● **What to work on**
Restate the listing word for word. Stop at the line that holds "Ti offriamo una", include it, and leave out all pictures.

● **Excerpted records**

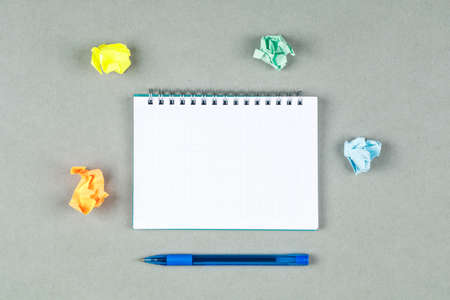 Conceptual of taking notes with pen, notebook, torn notes on gray background top view. space for text horizontal image
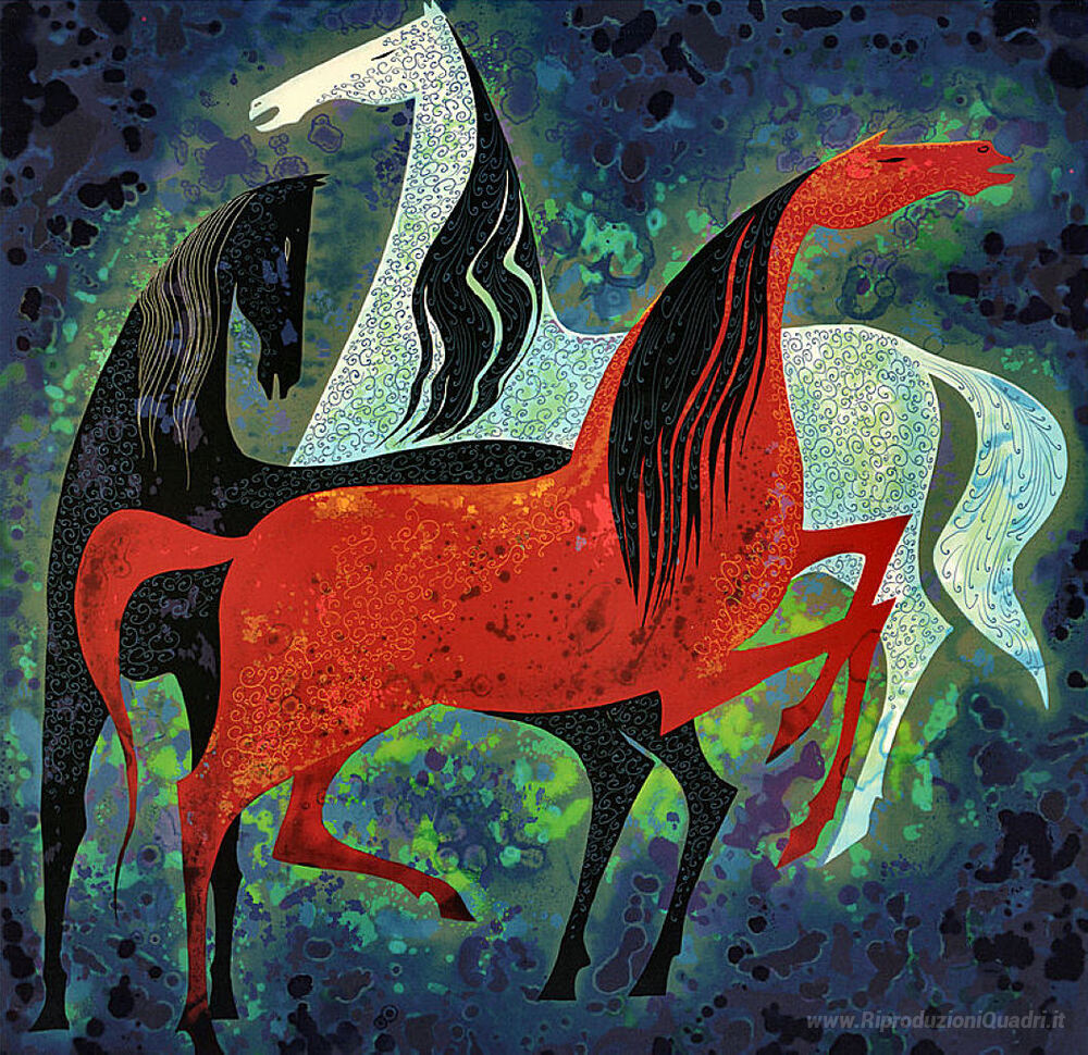 Ti offriamo una riproduzione artigianale su tela dell'opera famosa 'Tre nobili cavalli' di Eyvind Earle, dal Museo delle Riproduzioni.
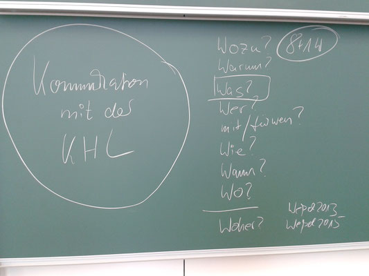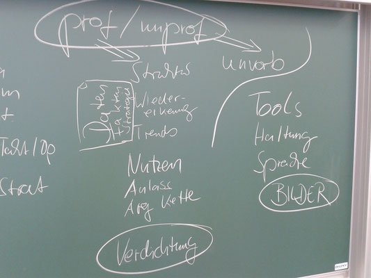 Wir orientierten uns dabei an den 8+1 W: Wozu? Warum? Was? Wer? Mit Wem / für Wen? Wie? Wann? Wo? Und: Woher? Nachdem wir das "Was" geklärt hatten - was ist Kommunikation und über welche Kommunikation sprechen wir hier? - gingen wir zum Wer und Wie über und entwickelten anhand der Gegenüberstellung von professionellem und unprofessionellem Arbeiten, was für eine gute Kommunikation erforderlich ist und welche Maßnahmen diese unterstützen können.
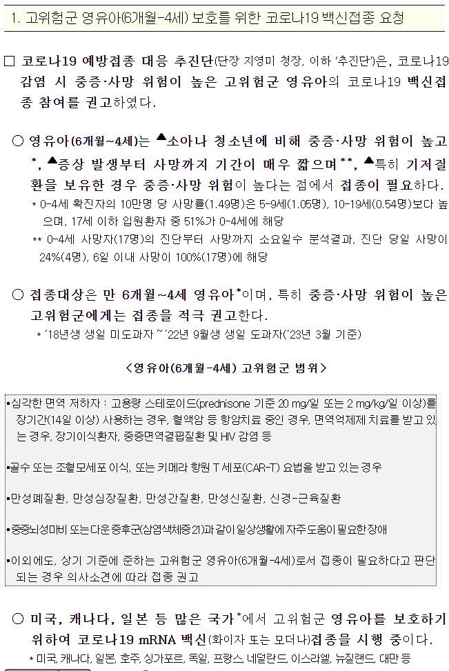 고위험군 영유아(6개월-4세) 보호를 위한 코로나19 백신접종 요청
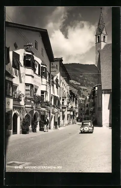 AK Sterzing, Strassenpartie mit Hotel und Auto
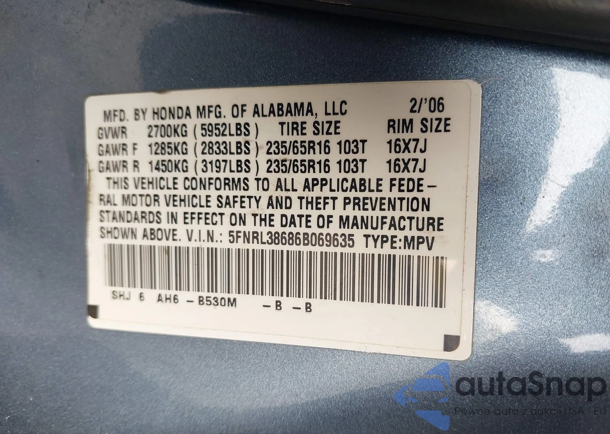 Автомобиль Honda Odyssey 2006 (VIN 5FNRL38686B069635) ранее не участвовал в торгах. Документы чистые, пробег соответствует или ниже среднего по рынку. Продаётся страховой компанией — рекомендуем покупку. Доставка в порт займет около 6–8 недель.
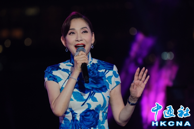 •   9月30日晚,為慶祝中華人民共和國成立75周年,“新生代千人合唱賀國慶”在香港西九文化區舉行。圖為特別表演嘉賓鄺美雲獻唱。(香港中通社記者 許其皓攝) 香港中通社圖片
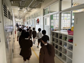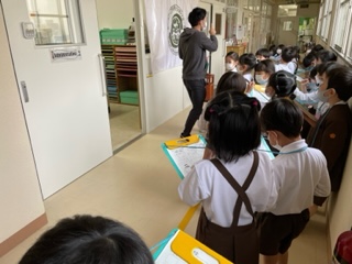 そんな中、先週には、2年生のお姉さんやお兄さんから学校のいろいろな特別教室や施設について教えてもらいました。そのことをもとに、1年生の子どもたちが学校たんけんを行いました。広い校舎中を先生や友だちと見て回る姿は、楽しそうでもあり興味津々の様子でした。
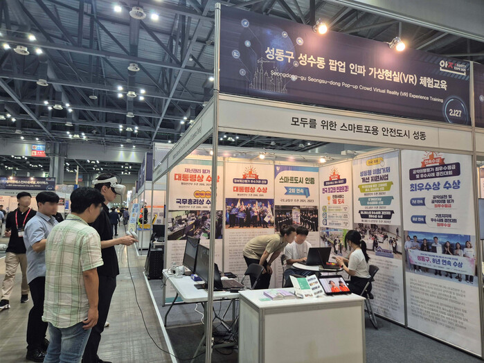 [시민일보 = 박소진 기자] 성동구(구청장 정원오)는 17일부터 19일까지 경기도 고양 킨텍스에서 열린 ‘2025 대한민국 안전산업박람회(K-SAFETY EXPO 2025)’에 참가해 전국 최초 성수역·연무장길·앤더슨씨 등 지역 주요 일상공간을 배경으로 한 ‘VR(가상현실) 인파위기관리 체험교육’ 프로그램을 선보이며 큰 주목을 받았다고 밝혔다.
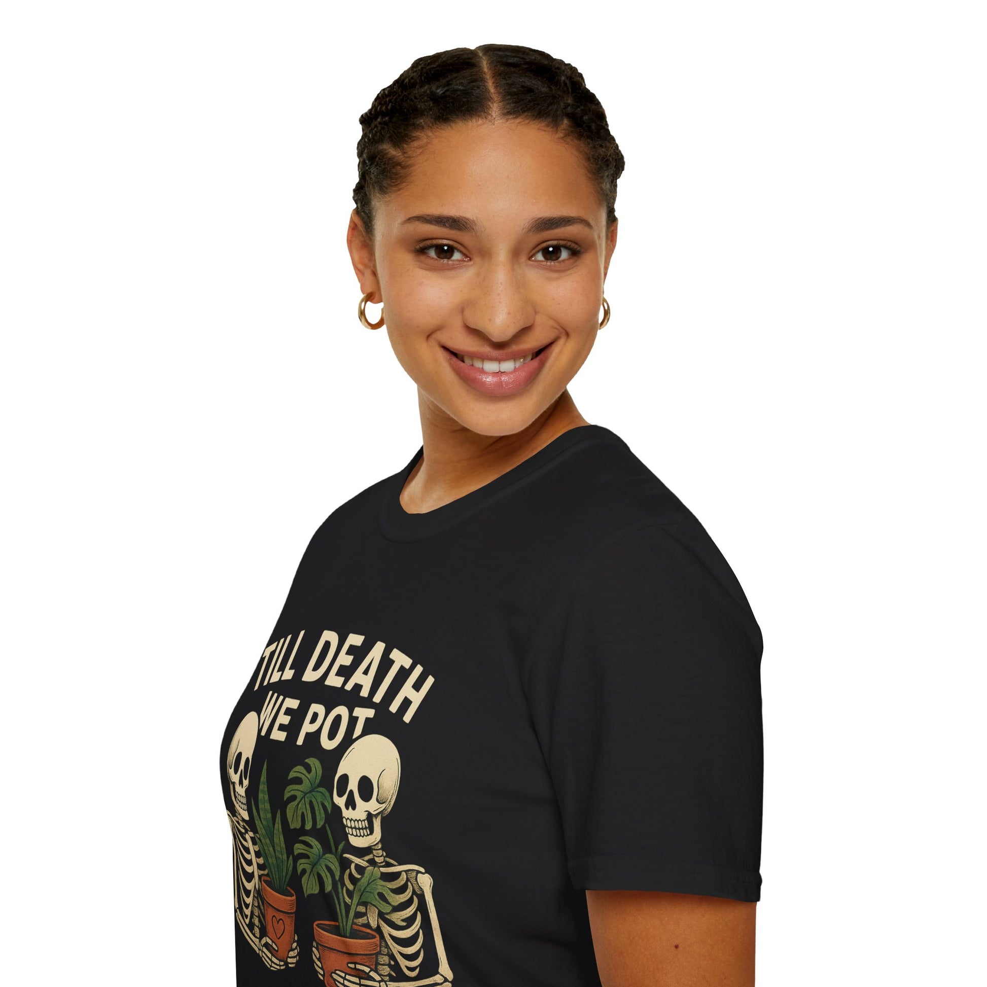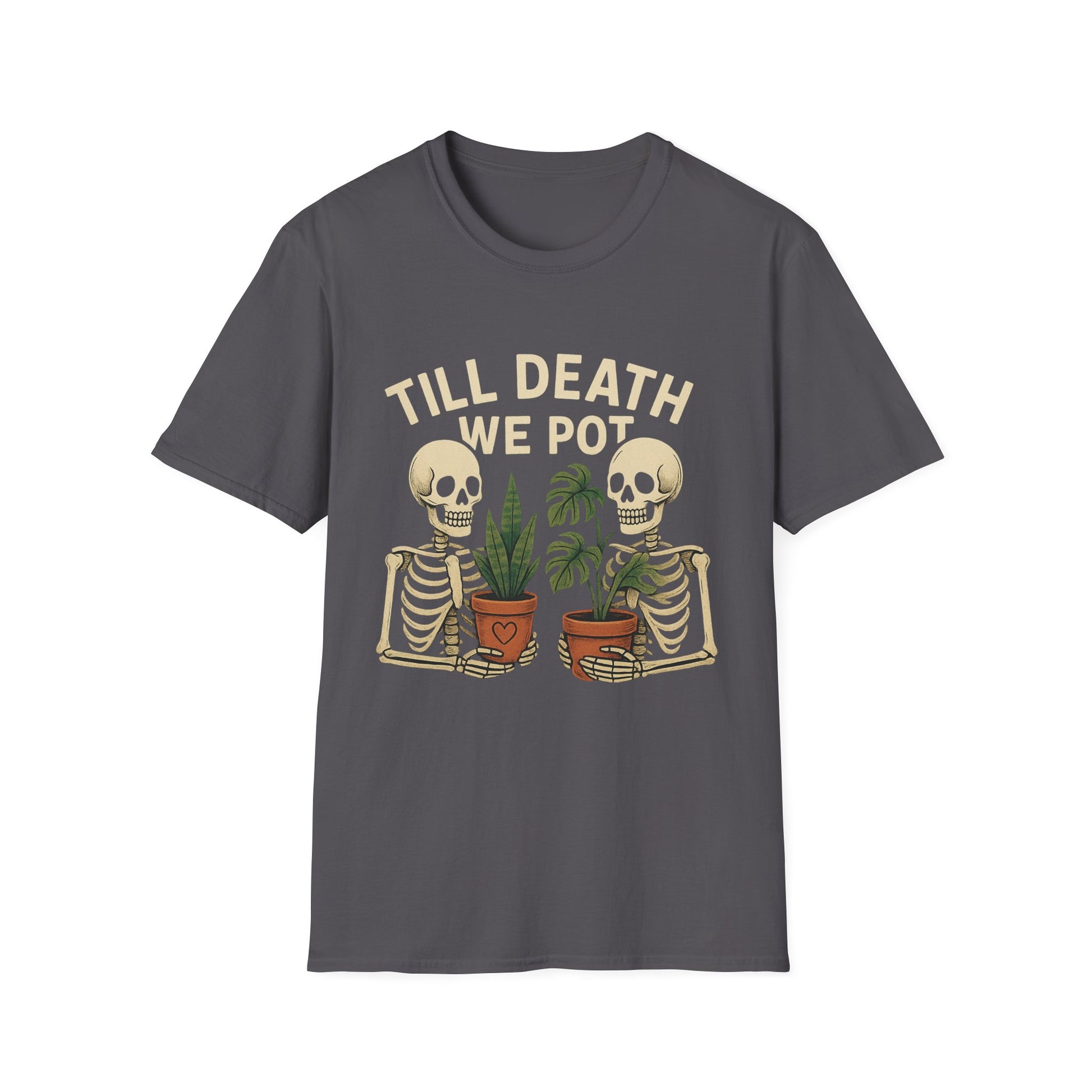 Introducing our unisex softstyle t-shirt, perfect for plant lovers and skeleton enthusiasts alike. This tee features a playful "Till Death We Pot" design, making it a great conversation starter or fun addition to any casual outfit. With its lightweight, breathable fabric, it's ideal for year-round wear, whether you're tending to your plants or enjoying a cozy night in. Its classic fit and crew neckline provide versatility, making it suitable for various occasions, from Halloween parties to casual gatherings with friends. This shirt is perfect for adults who appreciate quirky and humorous designs that reflect their love for nature and life’s adventures.
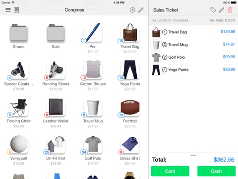 • Conveniently Setup & Organize Inventory – Customize products/services with names, photos & prices and group by categories that make sense for the way you do business
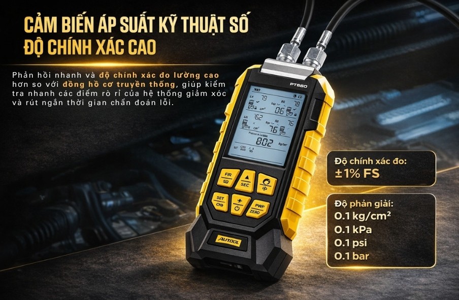 Độ chính xác của thiết bị là bao nhiêu? AUTOOL PT680 có độ chính xác cao ±1% FS, giúp phát hiện những biến động áp suất rất nhỏ trong hệ thống.

● **Solution to this task**
 Conceptual of taking notes with pen, notebook, torn notes on gray background top view. space for text horizontal image
 Ti offriamo una riproduzione artigianale su tela dell'opera famosa 'Tre nobili cavalli' di Eyvind Earle, dal Museo delle Riproduzioni.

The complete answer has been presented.